Сашка пододвинул к себе недописанную кляузу и стал черкать на ней закорючки. Таким серьезным я видел его прежде только однажды: когда ему удалось убедить меня сотрудничать.
— Как по-твоему, это случайность?
— Да, — сказал я.
— Может быть, и так, — задумчиво сказал Сашка. Помолчал, поиграл брелоком. — Может, и так… Мы, конечно, проверим. В дальнейшем о подобных происшествиях изволь докладывать немедленно. Разрешаю использовать запасной канал связи. Ясно?
— Вполне.
— Повтори.
— Станут убивать — начну плакаться. Пожалуюсь дяде по запасному каналу. Это все? — А ты не хохми, — сказал Сашка. — Когда получишь пулю в брюхо, вот тогда и нахохмишься вдоволь. А пока утихни и не маячь. Шанс у тебя есть. Твои обязательства перед службой безопасности нигде не зафиксированы. О тебе знаю только я и мое непосредственное руководство, следовательно, утечка информации полностью исключается. Делай свое дело, но в лаборатории без крайней необходимости не появляйся. Это приказ. Лучше всего придумай себе болезнь и посиди дома дня два-три. Если понадобишься, тебя найдут. Мы еще не знаем всех возможностей этого оборотня.

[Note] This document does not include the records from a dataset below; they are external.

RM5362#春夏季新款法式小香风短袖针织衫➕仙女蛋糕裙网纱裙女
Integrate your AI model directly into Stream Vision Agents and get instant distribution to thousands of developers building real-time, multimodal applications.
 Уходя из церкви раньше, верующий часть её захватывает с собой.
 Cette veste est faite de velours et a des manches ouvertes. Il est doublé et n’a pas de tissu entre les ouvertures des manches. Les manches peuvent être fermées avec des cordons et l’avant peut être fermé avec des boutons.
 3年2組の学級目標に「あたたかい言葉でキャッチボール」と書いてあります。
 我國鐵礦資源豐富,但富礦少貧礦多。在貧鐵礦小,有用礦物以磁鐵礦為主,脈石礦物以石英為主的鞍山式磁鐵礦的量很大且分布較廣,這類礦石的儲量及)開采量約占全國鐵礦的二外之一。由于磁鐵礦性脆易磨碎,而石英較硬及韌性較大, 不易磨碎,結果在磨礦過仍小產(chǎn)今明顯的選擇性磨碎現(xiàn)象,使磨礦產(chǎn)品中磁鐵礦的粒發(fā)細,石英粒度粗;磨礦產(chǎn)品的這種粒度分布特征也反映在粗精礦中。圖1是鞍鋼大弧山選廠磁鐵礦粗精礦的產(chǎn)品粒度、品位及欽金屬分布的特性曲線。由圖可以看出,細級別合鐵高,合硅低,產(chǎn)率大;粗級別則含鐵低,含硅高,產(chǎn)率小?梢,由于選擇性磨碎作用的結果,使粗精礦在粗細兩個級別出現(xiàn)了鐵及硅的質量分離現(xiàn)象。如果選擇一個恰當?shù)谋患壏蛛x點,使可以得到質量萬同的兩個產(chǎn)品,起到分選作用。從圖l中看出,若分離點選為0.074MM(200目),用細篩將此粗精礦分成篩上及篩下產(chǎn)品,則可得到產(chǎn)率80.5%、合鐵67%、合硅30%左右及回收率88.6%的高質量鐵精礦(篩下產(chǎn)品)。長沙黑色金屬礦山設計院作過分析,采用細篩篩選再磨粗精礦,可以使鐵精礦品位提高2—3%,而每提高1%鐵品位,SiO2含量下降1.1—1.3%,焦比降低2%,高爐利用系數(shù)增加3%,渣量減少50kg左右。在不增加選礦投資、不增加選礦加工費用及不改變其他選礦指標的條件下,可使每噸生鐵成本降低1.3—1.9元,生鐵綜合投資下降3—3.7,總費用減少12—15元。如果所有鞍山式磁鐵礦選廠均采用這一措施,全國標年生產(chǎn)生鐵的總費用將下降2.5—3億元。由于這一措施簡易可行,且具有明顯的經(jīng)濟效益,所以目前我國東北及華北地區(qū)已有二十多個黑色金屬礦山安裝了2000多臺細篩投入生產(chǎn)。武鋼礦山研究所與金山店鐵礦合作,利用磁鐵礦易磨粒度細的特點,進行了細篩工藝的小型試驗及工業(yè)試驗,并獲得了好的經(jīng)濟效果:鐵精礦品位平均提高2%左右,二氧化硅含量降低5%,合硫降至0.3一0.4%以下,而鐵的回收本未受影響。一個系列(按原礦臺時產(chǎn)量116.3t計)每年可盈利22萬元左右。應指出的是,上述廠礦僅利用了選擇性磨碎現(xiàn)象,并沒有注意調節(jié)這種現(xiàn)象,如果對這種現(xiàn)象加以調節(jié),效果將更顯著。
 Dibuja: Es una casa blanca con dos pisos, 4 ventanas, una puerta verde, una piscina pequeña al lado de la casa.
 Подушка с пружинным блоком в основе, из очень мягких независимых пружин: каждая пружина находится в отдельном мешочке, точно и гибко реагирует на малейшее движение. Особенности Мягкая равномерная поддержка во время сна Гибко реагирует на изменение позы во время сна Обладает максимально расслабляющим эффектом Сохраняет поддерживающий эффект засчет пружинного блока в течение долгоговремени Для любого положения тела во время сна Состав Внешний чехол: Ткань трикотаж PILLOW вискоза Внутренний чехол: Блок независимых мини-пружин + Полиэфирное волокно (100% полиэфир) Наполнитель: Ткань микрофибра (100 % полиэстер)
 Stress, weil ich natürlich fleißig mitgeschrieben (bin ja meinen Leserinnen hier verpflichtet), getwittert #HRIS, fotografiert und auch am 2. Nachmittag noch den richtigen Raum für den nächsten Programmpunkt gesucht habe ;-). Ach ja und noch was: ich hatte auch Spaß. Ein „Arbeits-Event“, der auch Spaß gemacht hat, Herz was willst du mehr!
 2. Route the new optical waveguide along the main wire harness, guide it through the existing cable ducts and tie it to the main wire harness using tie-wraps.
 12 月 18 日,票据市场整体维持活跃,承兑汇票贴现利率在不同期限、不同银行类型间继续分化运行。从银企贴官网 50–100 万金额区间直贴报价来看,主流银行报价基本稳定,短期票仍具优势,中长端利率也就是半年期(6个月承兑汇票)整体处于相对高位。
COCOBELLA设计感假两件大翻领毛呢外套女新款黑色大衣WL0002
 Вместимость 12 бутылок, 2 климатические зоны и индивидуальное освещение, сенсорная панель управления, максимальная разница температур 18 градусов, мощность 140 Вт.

— Понятно, — кивнул я. — А если Вацек попросит зайти и помочь?
— Тогда зайдешь и поможешь. Немедленно после этого — подробный отчет. Не так, как ты привык, а максимум информации. Да! — Он вдруг откинулся на стуле, царапая затылком стену, и ухмыльнулся. Одновременно погасли глаза кошки-брелока. — Так вот я ей и говорю: куда ты, мол, дура, лезешь, на хрен ты мне сдалась, ты на себя в зеркало, говорю, посмотри, жертва напалма…
В дверь просунулся Вацек.
— Сергей Евгенич, там этот студент опять не подготовлен, что с ним делать?
— Гнать, — сказал я.
— А может быть…
— Что?
— Может быть, вы сами…
А, чтоб вас всех…
Я шел к автостоянке и размышлял о гнусном. Во-первых, я думал о том, что носки у меня с утра мокрые, а месить подошвами снег очень и очень противно. Во-вторых, думал я, мне почему-то не было напомнено о том, как и почему моих родителей вывезли на Юг раньше зятя Аллы Хамзеевны, а также о том, куда их не в пример другим вывезли, и это было странно, учитывая, что на сей раз я не оправдал и не каюсь. Я ждал такого напоминания, да что там — не напоминания я ждал, а вульгарного начальственного нагоняя, как мальчишке, и фрикций носом о шершавый стол. Похоже, Сашка решил, что еще не время, а может быть, просто учел глубинные психологические изъяны Сергея Самойло. Ну-ну. Этот Самойло, знаете ли, такой фрукт, его, конечно, можно сунуть в грязь доцентской мордой, но только до определенной уровневой отметки, а дальше он становится жутко обидчив и социально опасен, и прецеденты, думал я, Сашке безусловно известны. В-третьих, думал я, почему они привязались именно к Вацеку? Сестра в адаптантах? У меня, например, родная тетка в олигофренах и соплива до невозможности, а о семейном моем положении лучше вообще молчать. Так почему не я? Нет, им нужен Вацек, а зачем — то мне знать не дано, то великая тайна сыскной алхимии. Им всем спать не дает троянская лошадь. Нет, не по мне эта работа, мне-то никакие лошади спать не мешают, и Вацека я им не отдам, чего бы мне это ни стоило. Вот так. Нужно быть совсем слепым, чтобы не понять, что Вацек беззащитен, и играть с ним в наши игры просто подло, я так считаю. Хуже, чем бить лежачего.
А вот выпить с ним я, пожалуй, выпью. Можно и с «глазом» за лацканом, пусть Сашка утрется. Тут нет ничего страшного. Сдал-принял. В архив.
Туман с Красноказенной куда-то пропал, зато опять задул ветер и снег сыпал с остервенением. К завтрашнему утру опять навалит по колено. Я выбрал и сунул охраннику наиболее мятую купюру, отыскал на стоянке свой «рейс-марлин», механически смахнул с защитной пластинки на дверце налипшие хлопья и сдвинул пластинку вбок. Оставалось только воткнуть палец в отверстие папиллярного идентификатора, и я чуть было не воткнул.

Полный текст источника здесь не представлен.